Enhanced publications can be defined as compound digital objects which combine ePrints with one or more metadata records, one or more research data objects, or any combination of these. The term ePrint is used to refer to an electronic version of an academic research paper , e.g., dissertations, journal articles, working papers, book chapters or reports. Similarly, the term research data may refer to any of the following types of objects:
- Data collections containing, e.g., the results of experiments, measurements performed by technical instruments or the results of surveys
- Data visualisations, e.g., graphs, diagrams, tables, or 3D models
- Machine readable chemical structures
- Multimedia files, e.g., images, video files or audio recordings
- Mathematical formulae, e.g., expressed in MathXML, or algorithms
- Text documents that form part of a corpus created for research purposes
- Software, which may be provided as source code, or implemented as web services
- Commentaries and annotations made by agents who have consulted digital objects
- Specifications of instruments or other hardware
- Digital certificates for research instruments
Requirements and recommendations for enhanced publications (EP)

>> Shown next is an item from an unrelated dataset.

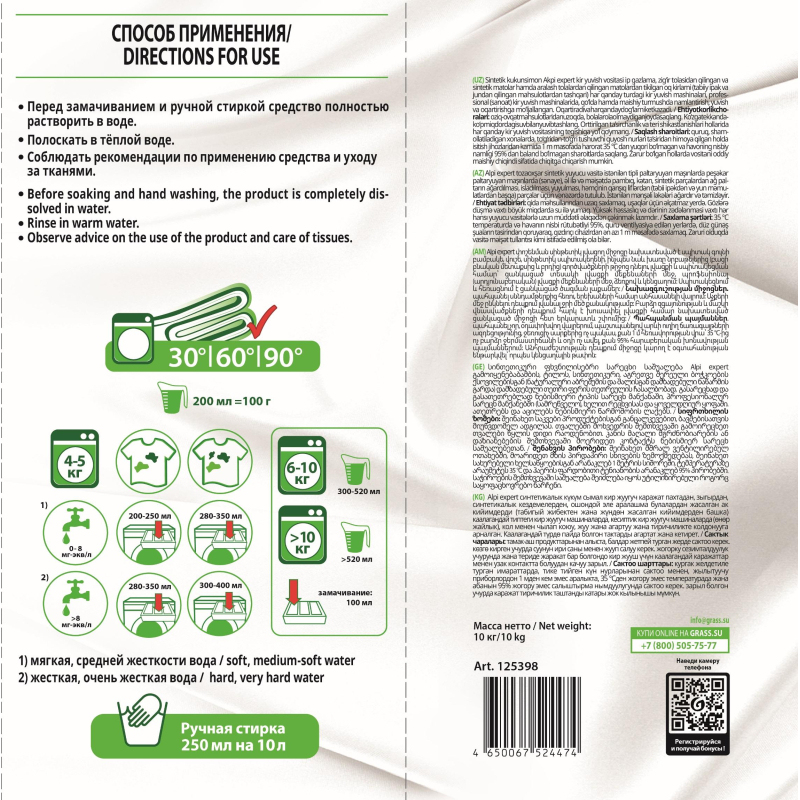 Порошок стиральный Alpi Expert для белого белья 10 кг. Назначение: средство моющее синтетическое порошкообразное Alpi expert предназначено для замачивания, стирки и отбеливания белого белья из хлопчатобумажных, льняных, синтетических тканей, а также тканей из смешанных волокон (кроме изделий из натурального шелка и шерсти) в стиральных машинах любого типа и для ручной стирки. Отбеливает и удаляет пятна любого происхождения. Способ применения: насыпьте необходимое количество порошка в соответствующее отделение стиральной машины перед началом стирки. Подробная информация о дозировке указана на упаковке. Состав:

Although, the core of an enhanced publication is an ePrint, whereas for a Research Objects is a scientific workflow, many of the following requirements for enhanced publications can be applied or at least be useful for the identification of requirements for ROs.
- Wrt Specification of the structure of enhanced publications,
o It must be possible at any moment to specify the component parts of an enhanced publication: Furthermore, it should be possible references not only to resources in their entirety, but, under certain conditions, also to specific locations within these resources, e.g., a specific table or even to a specific record or group of records within a database.
o Both the enhanced publication and its components must be available as web resources that can be referenced via URIs: It is advised to separate the URI of a resource from its location, especially as components of an enhanced publication do not necessarily have to be stored in a single repository. They may be distributed over different network locations.
- Wrt Compound Object properties
o It must be possible to add compound digital objects to the publication: Enhanced publications can be highly complex and multi-tiered objects, e.g., one enhanced publication may also wholly aggregate a second enhanced publication.
- Wrt versioning
o It must be possible to keep track of the different versions of both the enhanced publication as a whole, and of its constituent parts: Enhanced publications are potentially very dynamic resources, which may result in invalidating applications that were based on them. Hence, it is important to ensure that agents who make use of an enhanced publication can refer to specific versions of the compound object. The versioning issue is also important on the level of individual components, i.e., ePrints and research data can be very dynamic. A version is defined as "a digital object (in whatever format) that exists in time and place and has a context within a larger body of work". Versions can be identified by recording the date of the last modification, a version identification, or a textual description of the version.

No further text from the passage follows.